How to build a time series demand forecasting model using BigQuery ML

The goal of this repo is to provide an end-to-end solution for forecasting the demand of multiple retail products, using this notebook to walk through the steps. Learn how to use BigQuery ML to train a time series model on historical sales data of liquor products, and how to visualize the forecasted values in a dashboard. For an overview of the use case, see Overview of a demand forecasting solution.

After completing the notebook, you will know how to:

  • Pre-process time series data into the correct format needed to create the model.
  • Train the time series model in BigQuery ML.
  • Evaluate the model.
  • Make predictions about future demand using the model.
  • Create a dashboard to visualize the forecasted demand using Data Studio.

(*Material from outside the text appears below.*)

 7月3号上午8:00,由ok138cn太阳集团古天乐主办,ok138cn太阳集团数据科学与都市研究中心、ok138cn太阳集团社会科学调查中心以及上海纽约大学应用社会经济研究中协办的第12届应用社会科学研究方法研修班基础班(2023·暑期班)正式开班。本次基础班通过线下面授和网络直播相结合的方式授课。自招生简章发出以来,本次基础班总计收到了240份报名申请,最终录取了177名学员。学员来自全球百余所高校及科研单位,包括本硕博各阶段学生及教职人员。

This solution is intended for data engineers, data scientists, and data analysts who build machine learning (ML) datasets and models to support business decisions. It assumes that you have basic knowledge of the following:

  • Machine learning concepts
  • Python
  • Standard SQL

Dataset

This tutorial uses the public Iowa Liquor Sales dataset that is hosted on BigQuery. This dataset contains the spirits purchase information of Iowa Class "E" liquor licensees from January 1, 2012 until the present. For more information, see the official documentation by the State of Iowa.

Costs

This tutorial uses billable components of Google Cloud Platform (GCP):

  • AI Platform
  • BigQuery
  • BigQuery ML

Learn about BigQuery pricing, BigQuery ML pricing and use the Pricing Calculator to generate a cost estimate based on your projected usage.

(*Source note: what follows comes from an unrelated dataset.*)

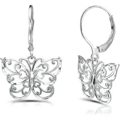 925 Sterling Silver Diamond-cut Filigree Thin Dainty Butterfly Dangle Drop Leverback Earrings
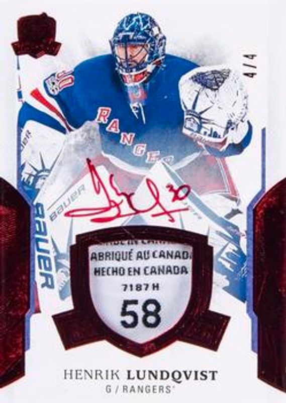 Henrik Lundqvist 2017 Upper Deck The Cup #56 Red Foil Tag /8 RAW Price Guide

Set up the GCP environment

  1. If you don't want to use an existing project, create a new GCP project. When you first create an account, you get a $300 free credit towards your compute/storage costs.
  2. If you created a new project, make sure that billing is enabled for it.
  3. Enable the AI Platform, AI Platform Notebooks, and Compute Engine APIs in the project you plan to use.

Run the notebook

  1. Open the bqml_retail_demand_forecasting.ipynb notebook.
  2. Click Run on AI Platform Notebooks.
  3. In the GCP console, select the project you want to use to run this notebook.
  4. If you have existing notebook instances in this project, select Create a new notebook instance.
  5. For Instance name, type demand-forecasting.
  6. Click Create.

Clean up the GCP environment

Unless you plan to continue using the resources you created while using this notebook, you should delete them once you are done to avoid incurring charges to your GCP account. You can either delete the project containing the resources, or keep the project but delete just those resources.

Either way, you should remove the resources so you won't be billed for them in the future. The following sections describe how to delete these resources.

Delete the project

The easiest way to eliminate billing is to delete the project you created for the solution.

  1. In the Cloud Console, go to the Manage resources page.
  2. In the project list, select the project that you want to delete, and then click Delete.
  3. In the dialog, type the project ID, and then click Shut down to delete the project.

Delete the components

If you don't want to delete the project, delete the billable components of the solution. These include:

  1. The demand-forecasting AI Platform notebook instance.
  2. The bqmlforecast BigQuery dataset.

Disclaimer

This is not an officially supported Google product.

All files in this folder are under the Apache License, Version 2.0 unless noted otherwise.